As of 3/31/08, ERII had shipped over 4,000 PX devices to desalination plants worldwide. ERII estimates they have reduced energy consumption at desalination plants by 300 megawatts annually relative to comparable plants with no energy recovery devices. In dollar terms ERII believes this represents an annual electricity cost savings of approximately $210 million. ERII's devices are in use in plants located in China, Algeria, Australia and India.

Industry

The world's population continues to grow, with much of that growth being in locations lacking in abundant fresh water sources. The United Nations expects the global consumption of water to double every 20 years. That is a pretty remarkable statistic and it means there is most likely not enough current freshwater sources in many locations worldwide to handle this expected demand growth.
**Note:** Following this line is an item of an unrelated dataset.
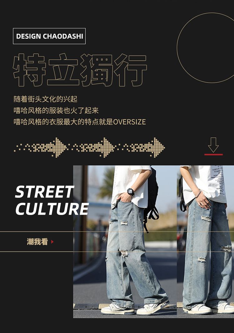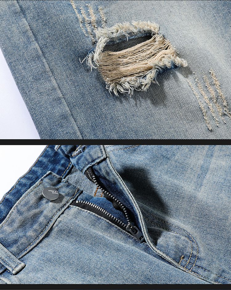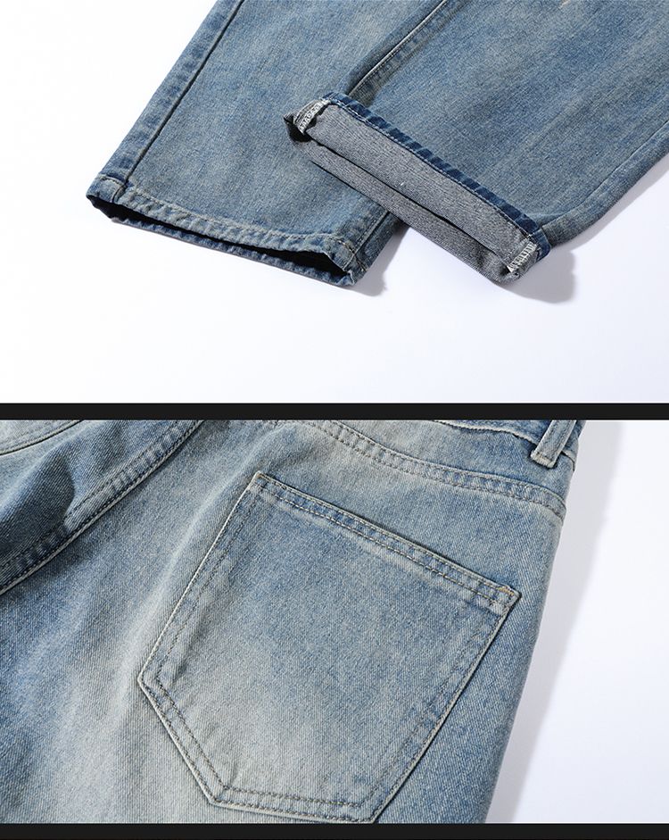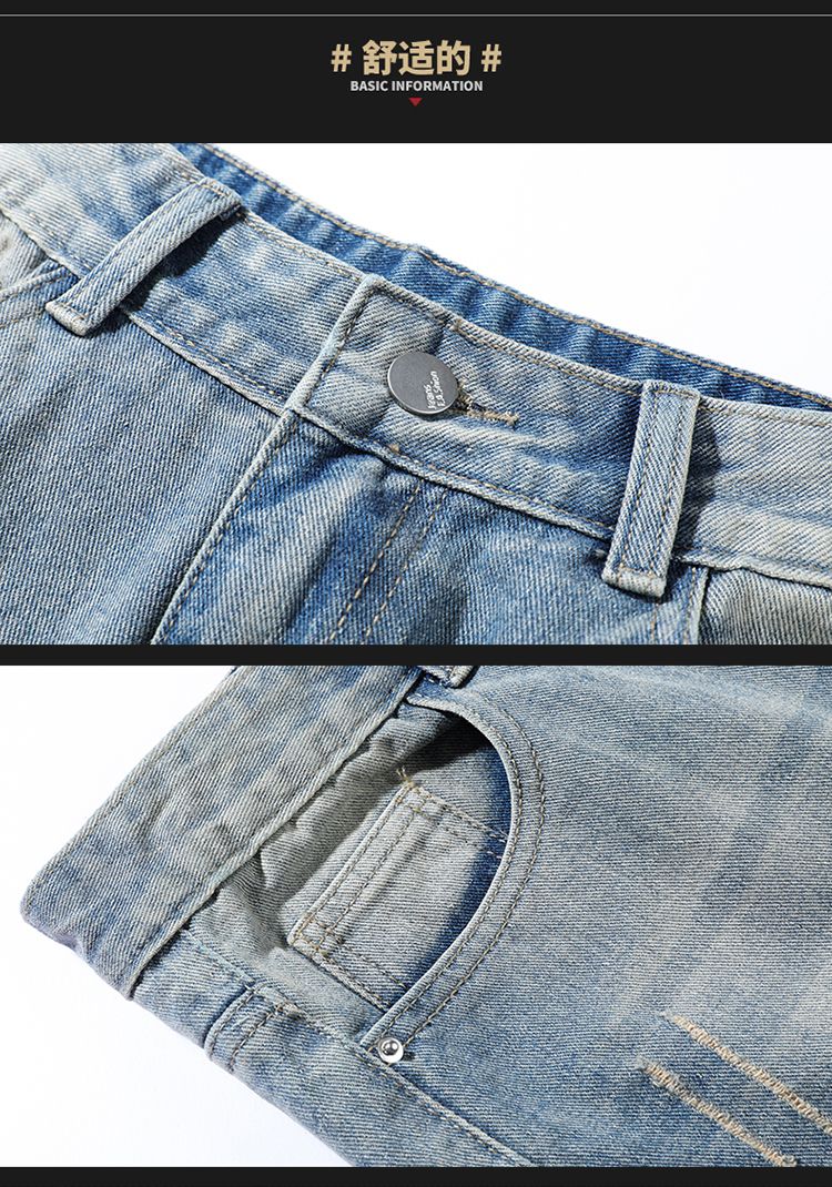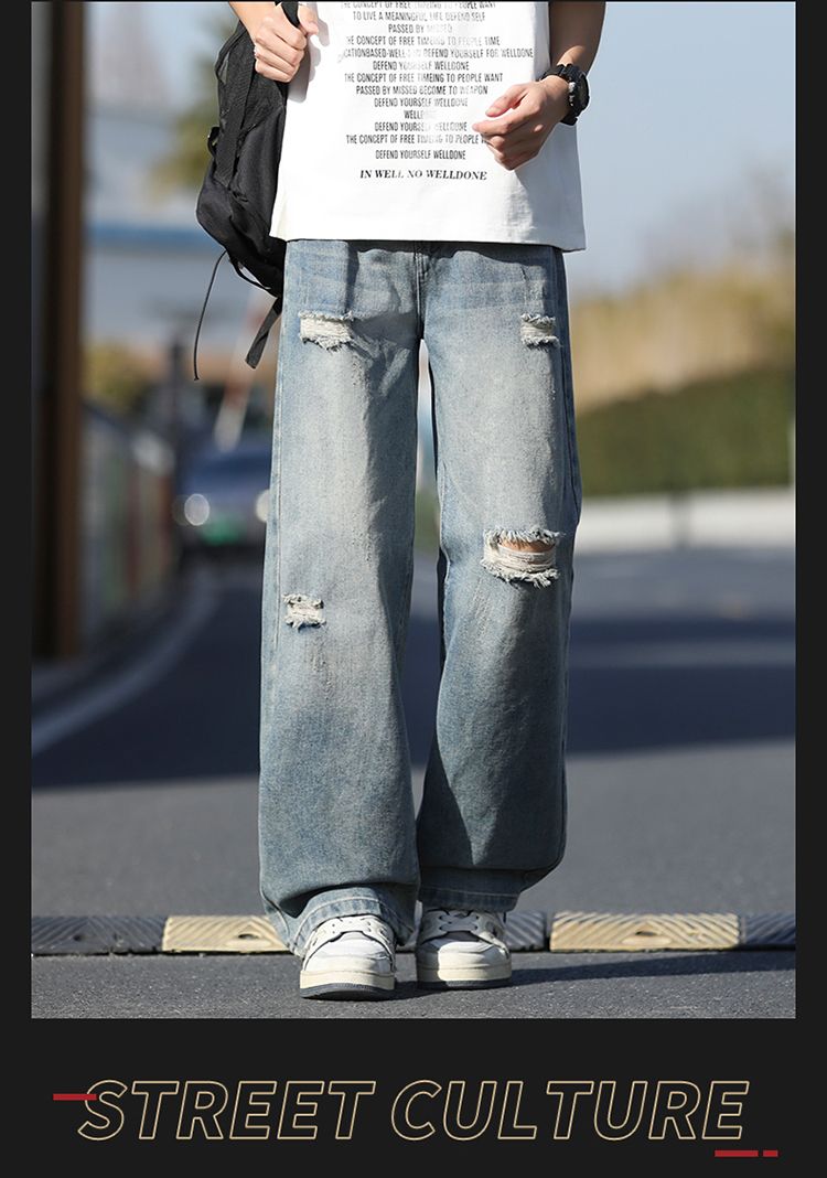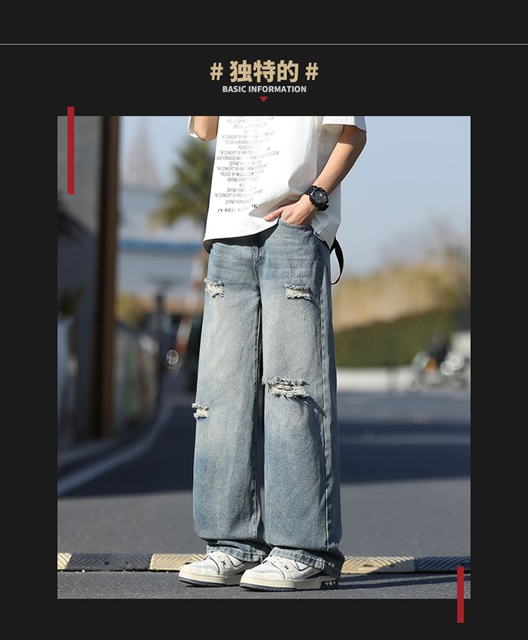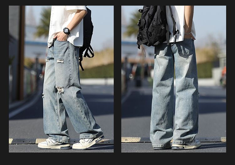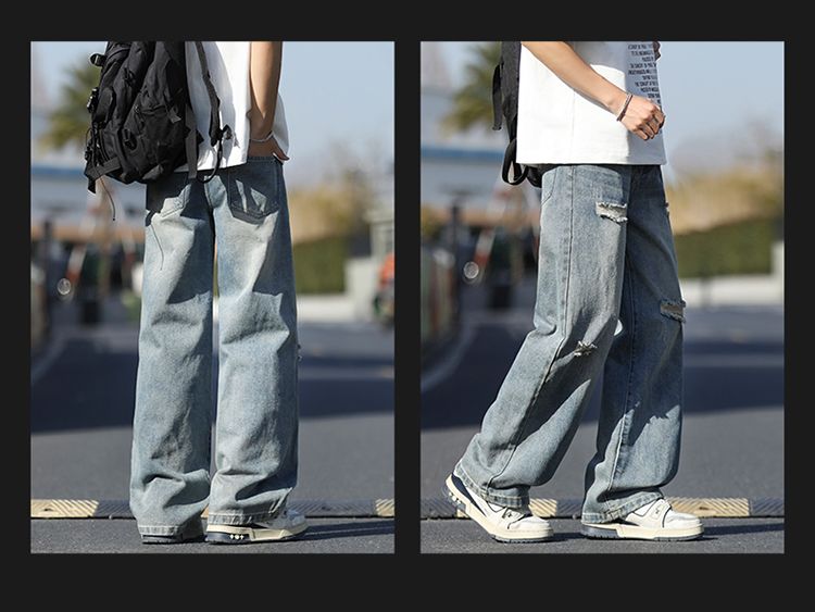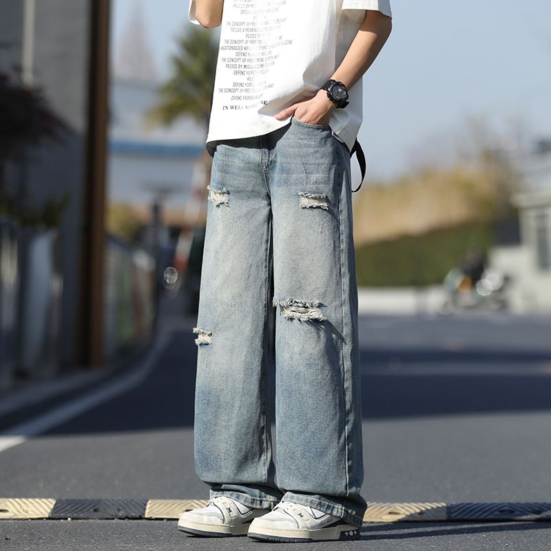 사계절 워시 물 바닥 청소 남성 청바지 레트로 항구 바람 루즈핏 스트레이트 트렌드 다용도 바지 파쇄 된 바지 긴 바지

There are an estimated 13,080 desalination plants worldwide. Desalination capacity is approximately 39.9 million cubic meters per day as of 12/05. Installed capacity is estimated to grow 13% annually over the next decade.

The SWRO market has been focused in geographic areas with a lack of freshwater sources, but extensive salt water nearby. The Middle East has been, by far, the market leader in desalination. Saudi Arabia's desalination plants account for about 24% of total world capacity. The world's largest desalination plant is in the United Arab Emirates. World-wide, 13,080 desalination plants produce more than 12 billion gallons of water a day. Saudi Arabia recently announced more than $12 billion worth of planned water and power projects that will supply an additional 2.24 million cubic metres of water per day and 2,750 mega-watts of power in the next few years.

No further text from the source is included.